Election Project

Breaking Blue

Understanding the Conservatives’ once-in-a-century loss
July 21, 2024
Breaking Blue

The Conservatives suffered a once-in-a-century loss at the 2024 general election. Two-thirds of their seats and nearly half their vote share was swept away four and a half years after Boris Johnson’s thumping victory. This catastrophic result cannot be solely blamed on the anti-incumbency wave crashing against governing parties worldwide — the British Conservatives suffered one of the worst declines.

Breaking Blue is Onward’s in-depth analysis of the 2024 election, examining how and why the Conservative Party suffered a particularly devastating defeat. The full comprehensive report in the autumn will provide deeper insight into the result — including the rise and fall of Conservative voting shares since 1997, the changing nature of the Tories’ voting coalition since returning to power in 2010, the impact of the election campaign, the sudden rise of Reform UK and how tactical voting was used. These are the initial findings.

The Conservative Party lost voters in every direction, retaining just half of its 2019 voting coalition. Breaking Blue identifies a crushing four-way pincer movement on age, income, geography, and Brexit vote that decimated the Conservatives at the ballot box. 

  • Over a fifth of the party’s few young supporters under 34 backed Labour, while a quarter of 45 to 74-year-olds defected to Reform.
  • Defection rates were highest among C2 voters, and 28% went to Reform.
  • Conservative defectors in urban areas were more likely to vote Labour, and in rural areas, they backed the Liberal Democrats – but Reform was the most likely harbour in all places.
  • Nigel Farage returned. In 2019, 78% of people who voted for Ukip in 2015 and Leave in 2016 backed the Conservatives, but this plummeted to 10% as they returned to Reform.

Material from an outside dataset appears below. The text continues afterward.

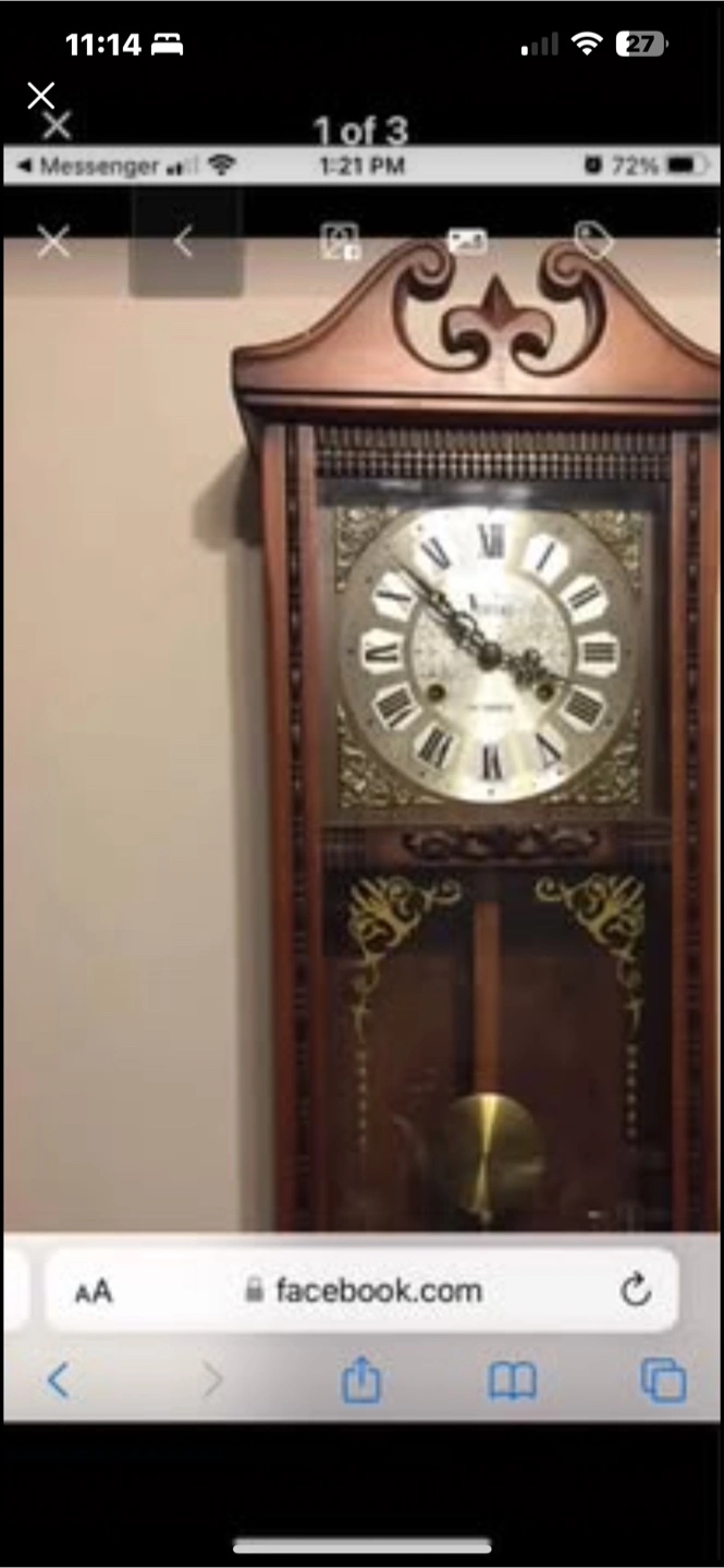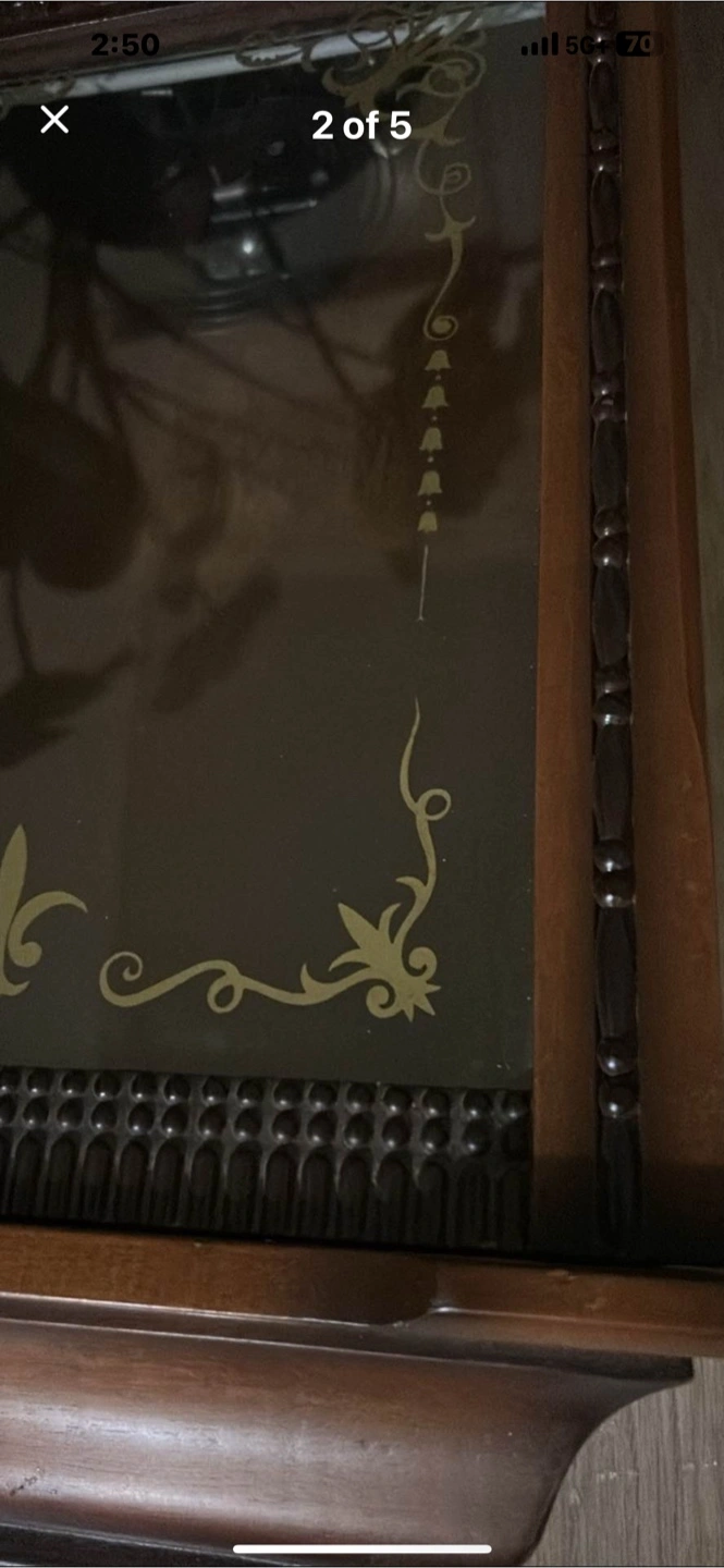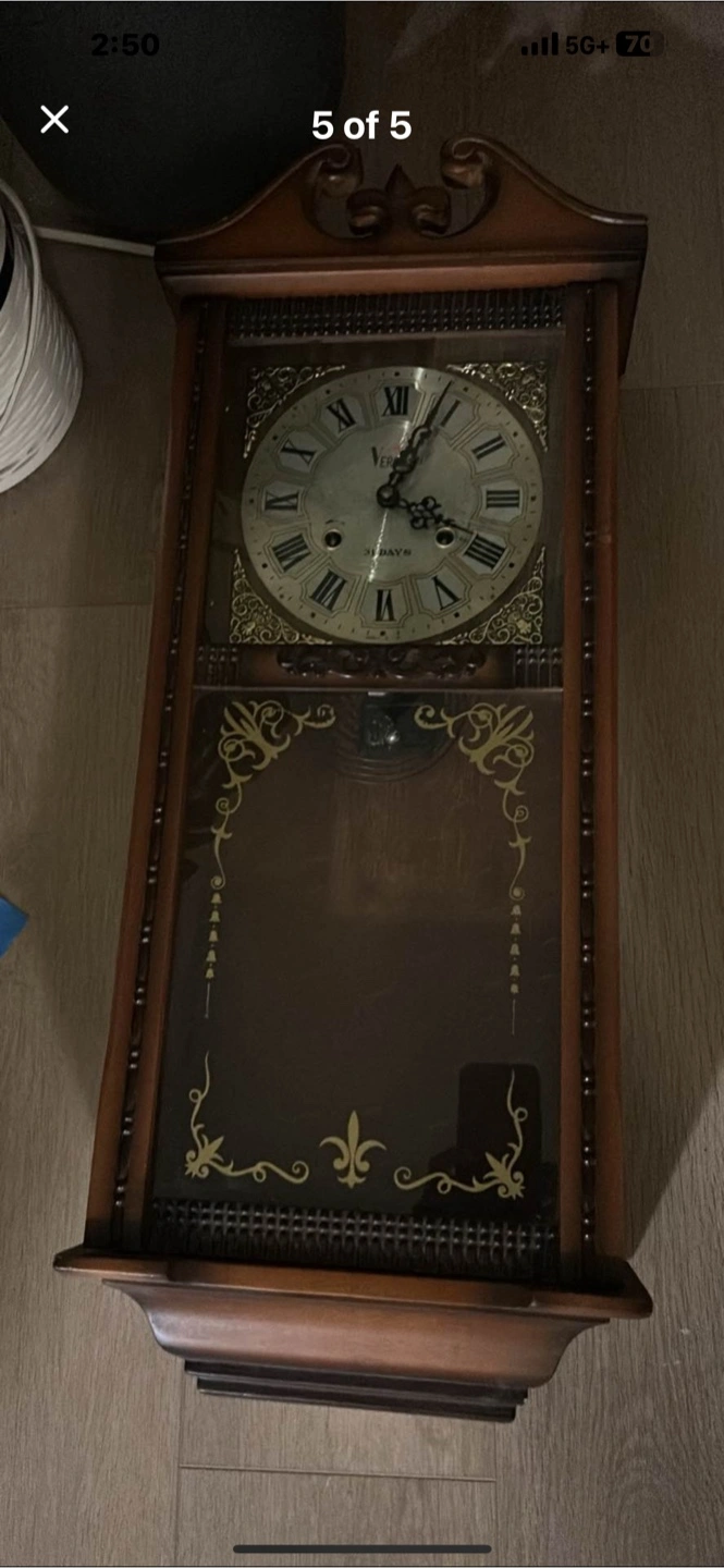 A beautiful antique Howard Miller wall clock with a pendulum. It's made of wood and features Roman numerals on the face. It's a classic piece for any home!

Breaking Blue finds the party’s vote share fall was more severe than other pandemic governments in Germany, New Zealand, and Canada because Conservative competence collapsed.

The Partygate scandal sparked the downward decline, with Liz Truss’s mini-budget driving Conservative support lower. By the time the election was called, the Conservatives were ahead of Labour on all but one negative perception — significantly more out of touch, uncaring, self-serving, incompetent, and untrustworthy than Labour but marginally more patriotic. The election campaign resulted in a bad defeat, turning into a historic and unprecedented loss and tactical voting at an all-time high. 

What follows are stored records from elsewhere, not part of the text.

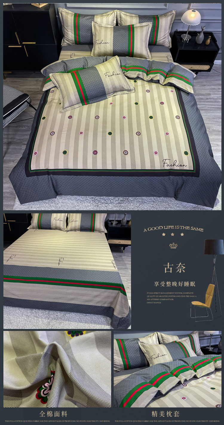 当前位置: 91家纺网 > 商品网购 > 床品套件 > 四件套 > 全棉普通四件套 > 金爱家 2021新款全棉13372四件套条格简约系列 古奈
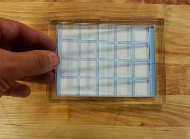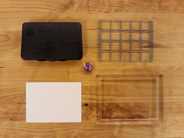 Para crear patrones corte una plantilla que es el tamaño de su papel. Decidí hacer una cuadrícula y un sello cuadrado en este ejemplo, pero realmente puedes elegir cualquier forma que desee. También usé acrílico grueso de 2,5 mm (0,09 pulg) porque tenía un tiempo duro conseguir el sello de la plantilla al utilizar 5mm.
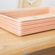 Paper-Wood是將色紙與淡黃白色的椴木材拼接的美麗木斷面為特徵的積層合板。木材斷面的線條帶有獨特的樣貌與質感,是塗裝所無法呈現的。另外,與塗裝不同,不會有掉色的情況。無論從哪裡切割開來,木材斷面是材料本身的構造,都會出現同樣的線條。這個檔案盒是混和了兩種色紙,實現出鮮豔且令人印象深刻的木材斷面。
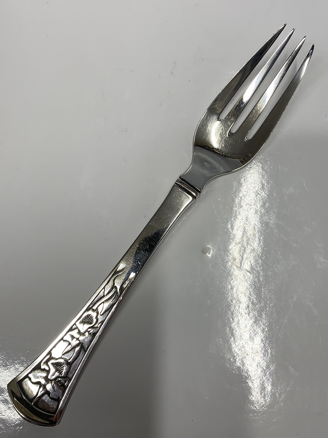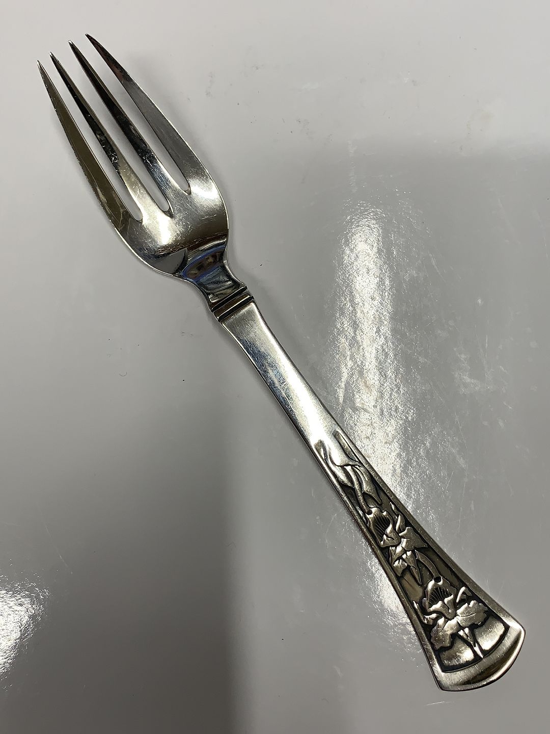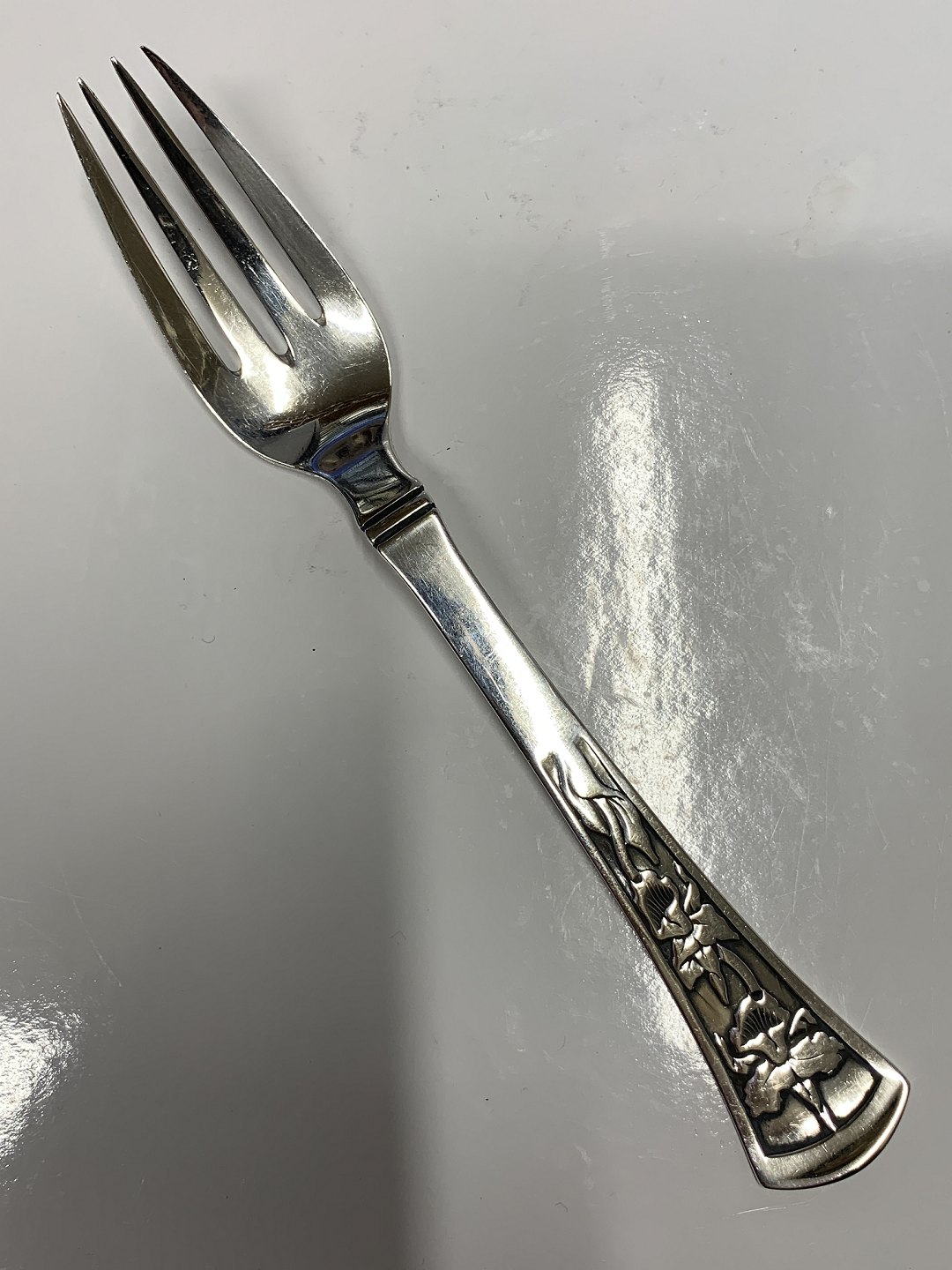 Orchid / Orkide Children's Fork in Silver Length 15.2 cm Made at Horsens Sølvsmedie, Orkide silver cutlery 830s Nice and polished condition Packed in bag

Where now? The Conservatives’ eventual path to a majority again lies with winning over Labour supporters. But the party is too far behind and too disliked by these voters to win them back immediately.

To get the party off life support, the Conservatives must learn to be a good opposition—ending their recent perceived untrustworthy and chaotic behaviour. It shouldn’t choose between winning back Reform and Liberal Democrat defectors to begin its recovery.

Breaking Blue finds this is a false binary because despite their differences in economic beliefs, Reform and Liberal Democrat defectors are closest to Conservative voters. Nor are Liberal Democrat defectors necessarily “liberal” – a majority (53%) support cutting immigration. Crucially, they are more likely to vote Conservative, and 76% of Reform and 58% of Liberal Democrat defectors dislike Keir Starmer.

These voters are also more demographically aligned to the Conservatives, who are more likely older, working class, Brexit-supporting homeowners, living outside cities and without a degree. These are the cluster of ‘super demographics’ — the indicators of people who abandoned the Conservatives in 2024 in large numbers that led to the devastating “proportional swing”, which reduced the Tory vote the most in places it had traditionally been strongest. 

Sebastian Payne, Director of Onward, said: “The Conservative Party suffered a once-in-a-century defeat this month, and it’s critical for the party to understand the defeat properly before it thinks about the route back. The four-way pincer movement Onward has identified explains why the party returned such a low number of seats, with voters setting out to punish the Tories as much as possible.

“The route back to power will be difficult. The trap in the upcoming leadership contest is to argue that the Conservatives either need to focus on Liberal Democrat or Reform UK defectors. The truth is that the party has to focus on both — and luckily these groups are more similar than many presume. They share similar demographics, and they want a government focused on core issues like the NHS and immigration. Before the Conservatives can win back voters who defected to Labour, it should focus on the easier – but still tough task – of winning over voters who can take the party off life support.”

“But above all, voters want to see a Conservative Party that is trustworthy, ethical, with an end to the chaotic behaviour of recent years. Proving this in opposition is difficult, so whoever succeeds Rishi Sunak should audition to be a good leader of the opposition before they even think about making the case to be the next Prime Minister.”